CHAPTER IV.
THE RUNNING SANDS.
He awoke to find the sun shining in at his window. At first he wondered what had happened. The window seemed to be in the ceiling, and the ceiling sloped down to the walls, and all the furniture had gone astray into wrong positions. Then he remembered, jumped out of bed, and drew the blind.
He saw a blue line of sea, so clearly drawn that the horizon might have been a string stretched from the corner eaves to the snow-white light-house standing on the farthest spit of land; blue sea and yellow sand curving round it, with a white edge of breakers; inshore, the sand rising to a cliff ridged with grassy hummocks; farther inshore, the hummocks united and rolling away up to inland downs, but broken here and there on their way with scars of sand; over all, white gulls wheeling. He could hear the nearest ones mewing as they sailed over the house.
Taffy had seen the sea once before, at Dawlish, on the journey to Tewkesbury; and again on the way home. But here it was bluer altogether, and the sands were yellower. Only he felt disappointed that no ship was in sight, nor any dwelling nearer than the light-house and the two or three white cottages behind it. He dressed in a hurry and said his prayers, repeating at the close, as he had been taught to do, the first and last verses of the Morning Hymn:
“Awake, my soul, and with the sun
Thy daily stage of duty run;
Shake off dull sloth, and joyful rise
To pay thy morning sacrifice.
“Praise God, from whom all blessings flow;
Praise Him, all creatures here below;
Praise Him above, ye heavenly host,
Praise Father, Son, and Holy Ghost.”
He ran downstairs. In this queer house the stairs led right down into the kitchen. The front door, too, opened into the kitchen, which was really a slate-paved hall, with a long table set between the doorway and the big open hearth. The floor was always strewn with sand; there was no trouble about this, for the wind blew plenty under the door.
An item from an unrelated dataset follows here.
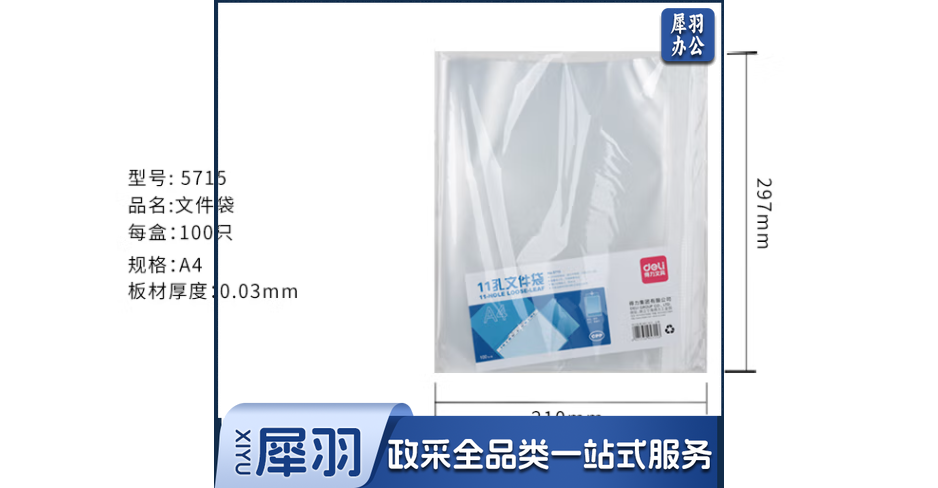 得力 deli 得力5715 11孔资料袋(透明)(100只/包)

Taffy found the table laid, and his mother busily slicing bread for his bread and milk. He begged for a hot cake from the hearth, and ran out of doors to eat it. Humility lifted the latch for him, for the cake was so hot that he had to pass it from hand to hand.
Outside, the wind came upon him with a clap on the shoulder, quite as if it had been a comrade waiting.
Taffy ran down the path and out upon the sandy hummocks, setting his face to the wind and the roar of the sea, keeping his head low, and still shifting the cake from hand to hand. By-and-by he fumbled and dropped it; stooped to pick it up, but saw something which made him kneel and peer into the ground.